In plain English
Continuous batching is the scheduling technique that allows a single GPU to serve many users simultaneously by treating the model's batch as a living, breathing queue rather than a locked room. Instead of waiting until every request in a group finishes before letting new ones in, the server swaps completed requests out and new ones in on every single token step. The GPU never sees an idle slot from finished work.
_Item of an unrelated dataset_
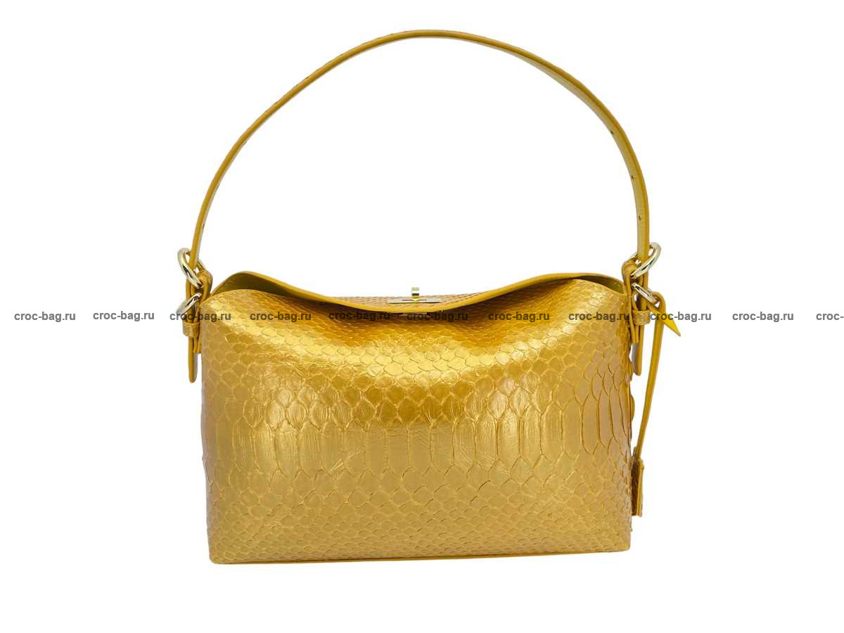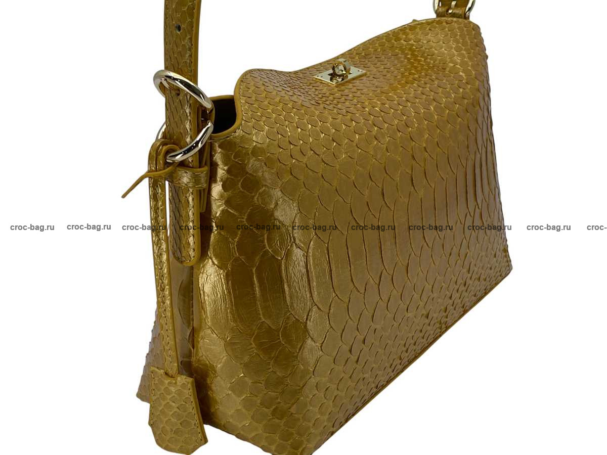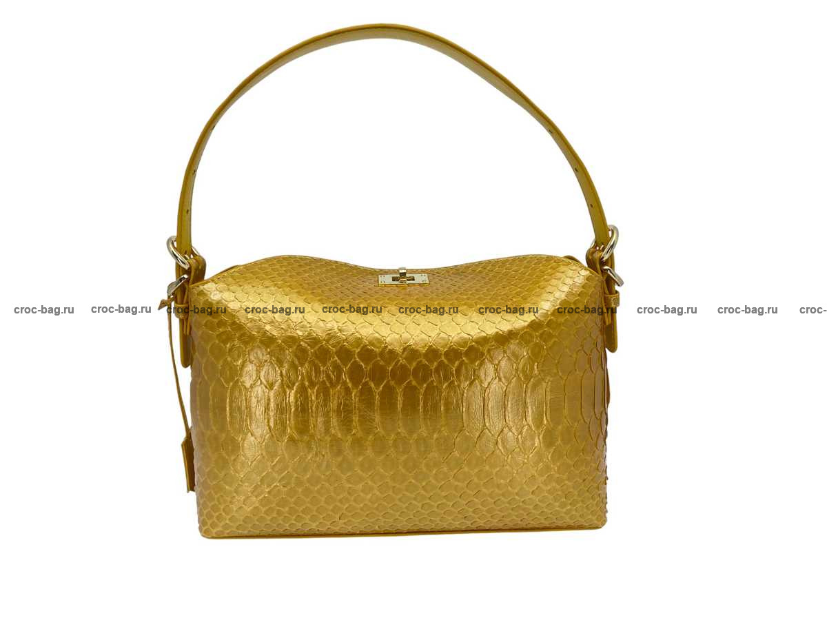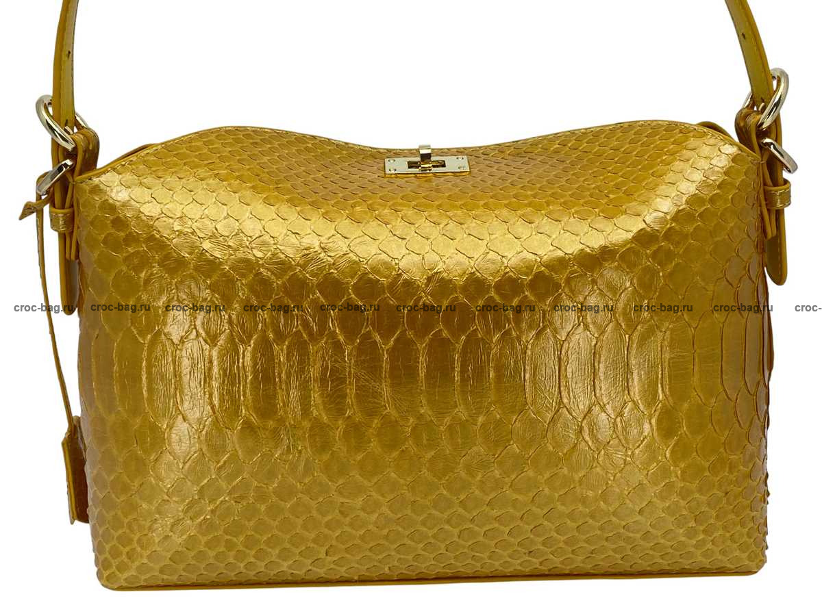 Удобная плечевая сумка изготовлена из натуральной кожи питона. В верхней части сумки устроена удобная широкая ручка, высота данной ручки позволяет носить данную сумку как на плече, на предплечье, так и в руке. Все внешние элементы сумки отшиты из натуральной питоновой кожи. В верхней части сумки устроен широкий клапан, который преграждает доступ в основной объем сумки, этот клапан закрывается на поворотный замочек. Сумка внутри выполнена в одном объеме, внутри сумки устроены два удобных широких кармана, внешняя кромка кармана имеет отделку кожей питона под цвет сумки. В качестве материала подклада применена мягкая ткань серого цвета. Дно сумки также выполнено с применением кожи питона, также дно сумки оборудовано металлическими ножками. При пошиве данных сумок использовалась фурнитура золотого цвета. В качестве дополнительного украшения сумки к одной из сторон ручки прикреплен шнурок из питоновой кожи с декоративным ключиком. В комплекте с сумкой идет плечевой ремень, ремень с регулировкой по длине, ремень выполнен из кожи теленка, внешняя часть плечевого ремня украшена кожей питона.

Think of it like a busy sushi conveyor belt restaurant. The old approach — static batching — seats a group of eight, waits until every single diner at the table has finished eating, then cleans the whole table and seats the next eight. If seven people finish quickly but one is a slow eater, the seven empty seats sit unused. The restaurant is never full, and waiting customers queue outside. Continuous batching is the smarter maître d' who clears each plate the moment it is empty and immediately seats the next guest in that chair — the table is always full, the kitchen never stops cooking, and the queue outside drains faster.
Why it matters
Before continuous batching, the only practical way to serve an LLM to many users was static batching: collect a fixed group of requests, run them all through the model together, and release results when the last one finished. This had a fatal flaw — LLM requests vary wildly in length. One user asks a two-sentence question; another asks for a 2 000-word essay. In a static batch, the short requests finish early but their GPU slots sit empty, wasting compute while waiting for the longest request to catch up.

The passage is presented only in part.